# POLL-General sports forum?



## AleisterCrowley (Jul 28, 2013)

*Sports forum*​
yes 850.00%no850.00%


----------



## AleisterCrowley (Jul 28, 2013)

Would people like to see a sports forum on UKmuscle,they are considering having an MMA forum but i think a forum for all sports would be better.


----------



## TwoCanVanDamn (Jun 22, 2012)

All sports would be good, with a sub section for fighting sports (boxing and MMA)


----------



## bogbrush (Sep 19, 2013)

wouldnt like people to know my footie team, would provide them with ammunition!


----------



## AleisterCrowley (Jul 28, 2013)

TwoCanVanDamn said:


> All sports would be good, with a sub section for fighting sports (boxing and MMA)


That is what i was thinking.


----------



## Gym Bunny (Mar 25, 2009)

@Katy, I think he meant the poll to be in the suggestions sub-forum. Wouldn't want it to get lost in GenCon.


----------



## Milky (Nov 30, 2008)

Moved.

The owner already has another forum which is MMA based so there would be no chance of a sub forum on this one for it.

General sports may have a chance tho.


----------



## Heath (Mar 3, 2011)

General sports would be a great shout for a sub forum.


----------



## Hera (May 6, 2011)

Milky said:


> Moved.
> 
> The owner already has another forum which is MMA based so there would be no chance of a sub forum on this one for it.
> 
> General sports may have a chance tho.


We're thinking of migrating it to here...


----------



## Milky (Nov 30, 2008)

Katy said:


> We're thinking of migrating it to here...

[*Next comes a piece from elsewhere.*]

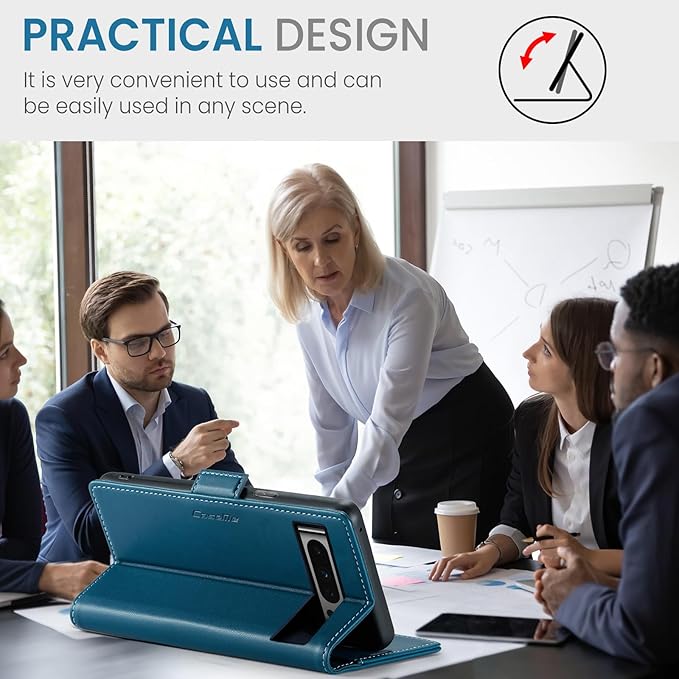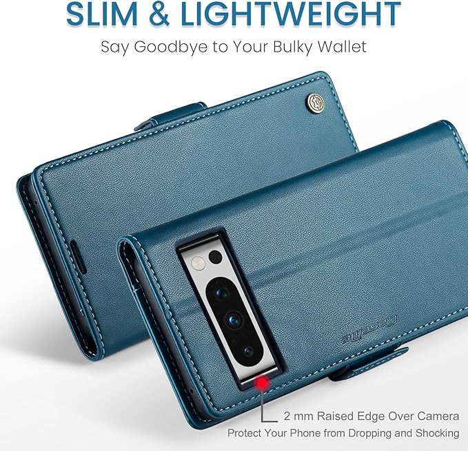 QLTYPRI Google Pixel 10 Pro XL 用 ケース 手帳型 ピクセル10 Pro XL 用 手帳型ケース PUレザー カード収納 スマグネット式 財布型 耐衝撃 全面保護 スマホケース スタンド機能付き ワイヤレス充電対応 ストラップホール付き (ブルー)

mite not be a bad idea TBH.. :thumbup1:


----------



## Hera (May 6, 2011)

Milky said:


> mite not be a bad idea TBH.. :thumbup1:


I'm glad you think so  We were talking about it last week. No decision has been made yet and we have other things in the pipeline at the moment but it's certainly a strong possibility


----------



## AleisterCrowley (Jul 28, 2013)

I hope it does happen with all the darts tournaments starting soon.


----------



## Chris F (Jul 2, 2013)

I would move the mma one here. Most guys on here I would say are into UFC etc


----------



## MunchieBites (Jan 14, 2013)

AleisterCrowley said:


> I hope it does happen with all the darts tournaments starting soon.


is darts a sport?

i suppose it is....


----------



## DazUKM (Nov 22, 2012)

No


----------